Gambar dari sini
Aku
sudah siap di depan toko buku ANEKA. Aku sedang menunggu Nancy dan menjemputnya dari SMA
BHAKTI. Masih terbayang saat pertemuan tak sengaja aku dengan Nancy di klub
sepeda. Wajah mungilnya meringis kesakitan saat terjatuh dari sepedanya . Aku
membantu membenarkan sepedanya dan disaat itulah perkenalanku dengan Nancy.
“Gak apa-apa kan?, tanyaku. Dia
hanya mengelengkan kepalanya. Hanya bibirnya saja agak cemberut. Dia berlalu
saja tanpa mengucapkan terimakasih padaku.
“Eh, kamu kok gak mengucapkan
terimakasih sih”,kataku. Dia menoleh dan menyalamiku sambil mengucapkan
terimakasih.
“Lupa”, katanya. Dia berlalu begitu
saja tanpa menoleh sekalipun. Dasar , anak itu, buat hatiku penasaran .
Ternyata mudah sekali menemukan
rumah si mungil. Walau harus bolak-balik kutanyakan teman-temanku di klub
sepeda. Mereka mencurugai aku , karena tiba-tiba menanyakan alamat Nancy. Tapi
tak mengapa, untuk mendapatkannya harus berjuang dulu. Perjuangan belum selesai
sampai sini saja , karena sambutan orang tua Nancy sungguh di luar dugaanku.

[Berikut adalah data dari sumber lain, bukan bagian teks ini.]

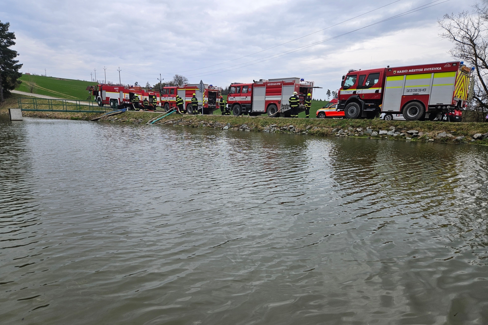 U obce Kuničky na rybníku byla zřízena čerpací stanoviště pro cisterny a vrtulník. Letecká služba Policie ČR, společně s hasičskými leteckými záchranáři na palubě, provedli celkem 50 shozů vody na požářiště. Cisterny dopravovaly vodu do vzdálenosti necelých 5 km. Plameny hasiči dostali pod kontrolu po čtyřech hodinách od příjezdu.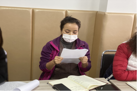 图为依丽米努尔老师、麦菊丹教师等正在交流发言

Mereka kelihatan sekali ketidaksukaan terhadap kedatnganku.. Tapi tak mengapa,
toh yang kusukai bukan ayahnya tapi anaknya. Pertemuan demi pertemuan membuatku
semakin dekat walau harus sembunyi-sembunyi dari keluarganya. Dan benih-benih
cinta mulai bersemi dalam hatiku, Semua menjadi indah dalam kelabunya sore
hari. Dalam hujan yang lebat yang menbasahi tubuhku dan Nancy. Dalam pelukan
kerinduan yang membuncah dalam dada . Memang benar kata orang ,cinta itu sering
mengaburkan kelam di sana, yang ada semua warna yang selalu mempesona.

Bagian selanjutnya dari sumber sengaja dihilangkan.